BS Bismuth Sulfite Agar for The Isolation of Salmonella Typhi and Other Salmonellae Culture Media Medium

 PRODUCT:   Bismuth Sulfite Agar(BS)

Usages:

For selective isolation of Salmonella spp, especially for Salmonella typhi.

Principle:

Peptone, beef extract powder provides carbon, nitrogen, vitamins and minerals; glucose to provide energy; bismuth sulfite indicator suppress gram-positive bacteria and coliform bacteria, but does not affect the growth of salmonella; agar as culture medium coagulant.

Formulation(per liter):

Peptone 10g

Beef extract powder 5g

Dextrose 5g

Ferrous sulfate 0.3g

Disodium hydrogen phosphate 4g

Sodium sulfite  6g

Bismuth ammonium citrate  2g

Brilliant green  0.025g

Agar 15g

Final pH7.2 ± 0.2

How to use:

1.Suspend 47.3g in 1L of distilled water ,stirring heated to boiling to completely dissolve ,autoclave at 121 for 15 minutes.

2.Diluted and treated samples.

Storage: Keep container tightly closed, store in a cool, dry place, away from bright light. Storage period of 3 years.

Specifications: 250g/bottle

Package:Packing material:Packed in plastic bottles with plastic film wrapped

                    Capacity:20 bottle/ carton Carton size :54.5*34.5*21CM

1.Offering Free Sample for Testing .

2.R & D team to provide technical support.

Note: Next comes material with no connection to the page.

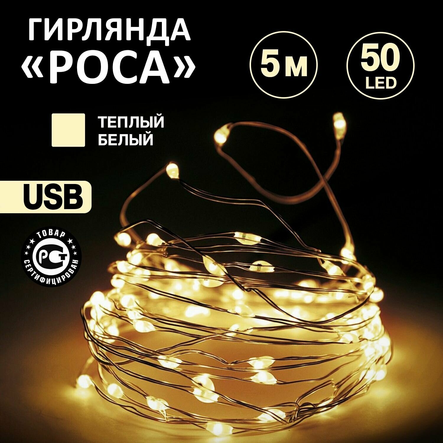 Светодиодная гирлянда Neon-Night "Роса" USB 10 м, теплое белое свечение, 100 LED / новогодние товары гирлянды / новогодняя распродажа / новогодние скидки / новогодние подарки

3.Provide packaging, labeling OEM customization.

Q1:

Sometimes color of dehydrated culture media  between batches have subtle differences,would this affect test results?

A1:The source and storage conditions of raw material is different ,so there may be a slight difference in color, which is a normal phenomenon. Products from our company have to undergo a rigorous inspection and sensory biology verification before sale, to ensure that all the indicators characteristics of the product is under enterprise standard to the extent permitted, not affect the test results.

Q2:

After pouring the liquid medium on the plate , medium seems hard to clot or coagulation time is longer, is it some problem with product quality?

A2: The reason may be:

The required hydration in the preparation process have not been done completely .That is to say   distilled water is not boil sufficiently to dissolve agar. Because agar proportion, easily settle in the bottom of the bottle, if not fully shaken after high-temperature sterilization, it will lead to uneven upper agar culture gene content and difficult to set.

Q3:

Why some colonies of E. coli chromogenic medium color not shown above, but also confirmed through biochemical tests for E. coli (false negative)?

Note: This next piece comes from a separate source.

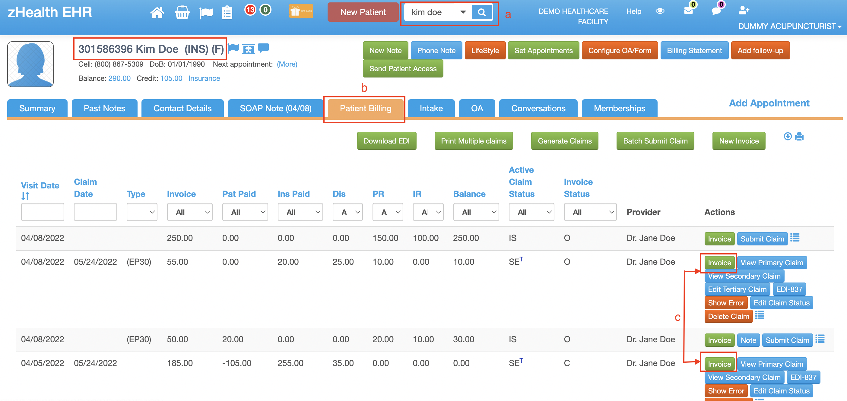 1a. First, you will have to search the patient name using the top navigation search box. Open the patient chart. b. When inside the patient chart, go to Patient Billing. c. Search for the invoice with the wrong ERA payment applied. When you find the invoice, click the invoice button and proceed to Step 2.

A3: E. CHROMOGENIC medium is based on the principle of specific enzyme of E. coli and design, 94% of E. coli have β- glucuronidase enzyme, with the chromogenic enzyme substrate medium role in the formation of blue-green colonies. And about 4% of the E. coli does not have β- glucuronidase enzymes, including concern O157: H7 Escherichia coli. Therefore, these E. coli can not be displayed on the color characteristic of E. coli chromogenic medium,it is possible of false-negative on the chromogenic medium. However, the traditional medium of the same can not avoid the problem of false negatives, such as: no gas or slow ferment lactose intolerance may also strain 44.5 false negatives in the conventional medium. For this small part of the E. coli can be detected using other methods.